TASK MATERIAL:
------

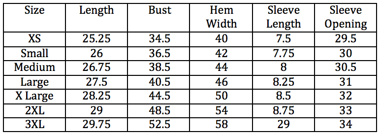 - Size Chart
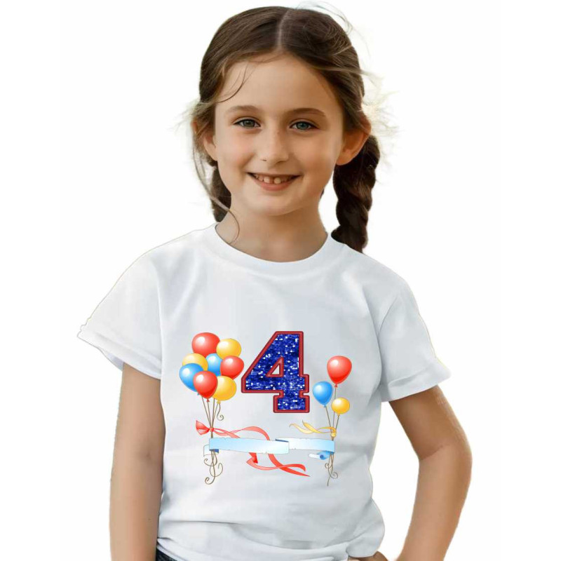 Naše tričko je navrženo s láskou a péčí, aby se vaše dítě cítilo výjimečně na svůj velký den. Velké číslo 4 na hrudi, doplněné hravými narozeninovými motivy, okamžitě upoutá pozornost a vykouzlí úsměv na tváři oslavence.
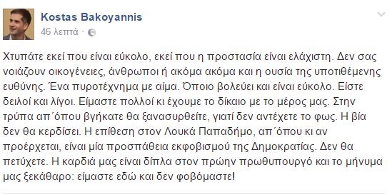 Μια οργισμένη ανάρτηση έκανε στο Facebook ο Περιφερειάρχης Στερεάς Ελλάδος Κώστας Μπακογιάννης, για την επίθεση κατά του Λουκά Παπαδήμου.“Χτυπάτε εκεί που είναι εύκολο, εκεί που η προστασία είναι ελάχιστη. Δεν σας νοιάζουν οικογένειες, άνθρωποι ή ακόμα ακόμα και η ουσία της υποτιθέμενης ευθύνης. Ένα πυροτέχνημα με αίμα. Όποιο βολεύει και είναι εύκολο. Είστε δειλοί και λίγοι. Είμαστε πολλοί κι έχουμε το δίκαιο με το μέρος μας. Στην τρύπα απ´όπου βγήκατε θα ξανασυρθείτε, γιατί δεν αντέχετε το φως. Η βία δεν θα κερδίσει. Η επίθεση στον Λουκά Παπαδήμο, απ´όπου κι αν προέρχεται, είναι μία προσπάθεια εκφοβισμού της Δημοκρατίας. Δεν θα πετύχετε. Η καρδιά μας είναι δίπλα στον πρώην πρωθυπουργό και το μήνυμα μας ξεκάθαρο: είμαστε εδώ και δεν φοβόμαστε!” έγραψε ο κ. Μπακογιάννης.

------

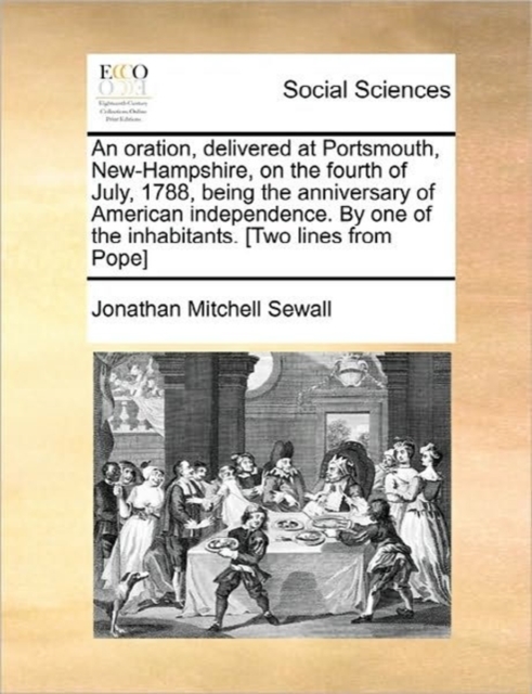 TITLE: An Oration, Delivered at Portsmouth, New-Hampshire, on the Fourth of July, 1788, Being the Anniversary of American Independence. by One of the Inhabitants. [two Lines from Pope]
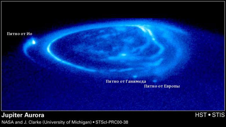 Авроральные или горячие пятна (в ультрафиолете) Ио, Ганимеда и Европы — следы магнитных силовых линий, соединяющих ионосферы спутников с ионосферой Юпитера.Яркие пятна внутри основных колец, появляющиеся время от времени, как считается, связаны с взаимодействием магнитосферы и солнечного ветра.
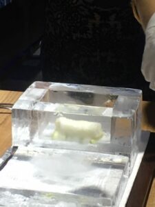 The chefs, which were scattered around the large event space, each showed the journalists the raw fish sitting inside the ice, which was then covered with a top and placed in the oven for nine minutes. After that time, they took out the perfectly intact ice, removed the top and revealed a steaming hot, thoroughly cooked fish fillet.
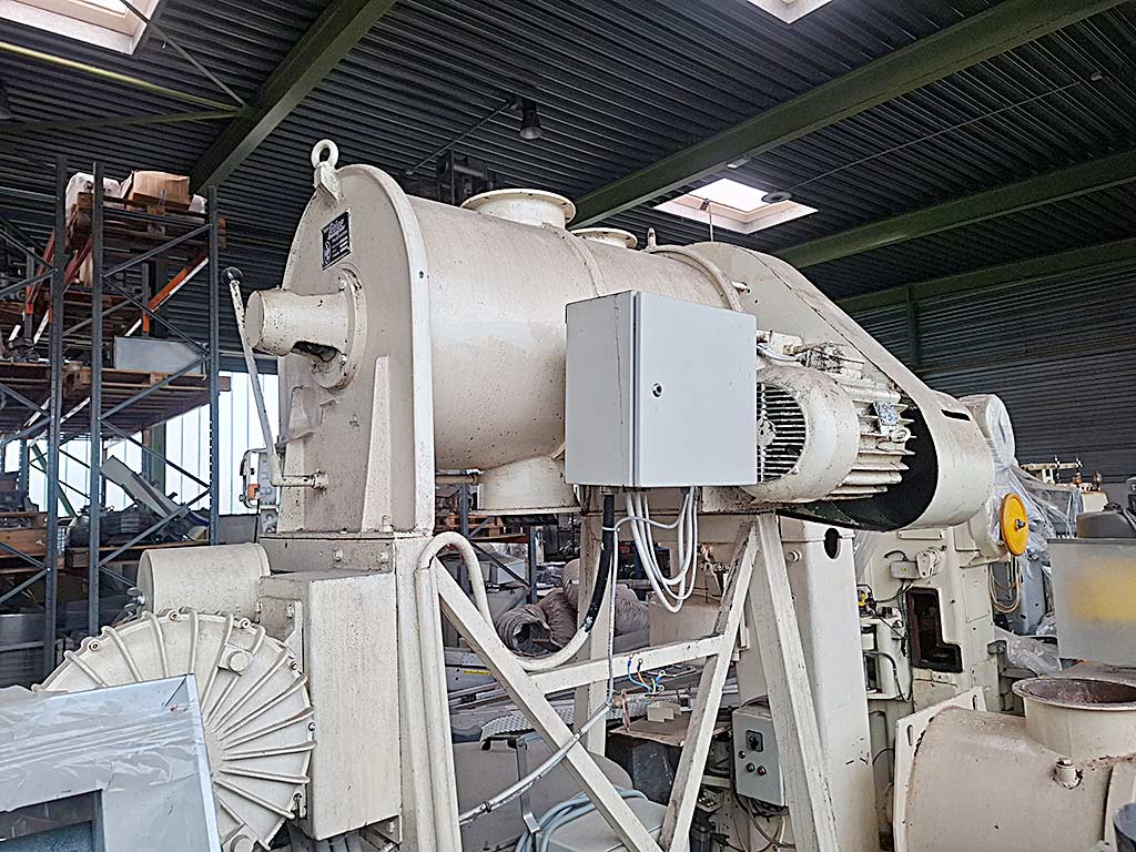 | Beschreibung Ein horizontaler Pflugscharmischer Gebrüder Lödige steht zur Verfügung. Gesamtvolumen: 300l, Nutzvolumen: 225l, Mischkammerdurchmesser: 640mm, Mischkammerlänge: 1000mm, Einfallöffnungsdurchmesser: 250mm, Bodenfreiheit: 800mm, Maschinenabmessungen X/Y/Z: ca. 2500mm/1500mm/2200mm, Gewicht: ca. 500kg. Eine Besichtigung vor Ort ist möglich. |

------

Would you please repeat only the lines above, beginning at the one that has "- Size Chart" and stopping after the one that has "Naše tričko je", exactly and with no pictures?

 - Size Chart
 Naše tričko je navrženo s láskou a péčí, aby se vaše dítě cítilo výjimečně na svůj velký den. Velké číslo 4 na hrudi, doplněné hravými narozeninovými motivy, okamžitě upoutá pozornost a vykouzlí úsměv na tváři oslavence.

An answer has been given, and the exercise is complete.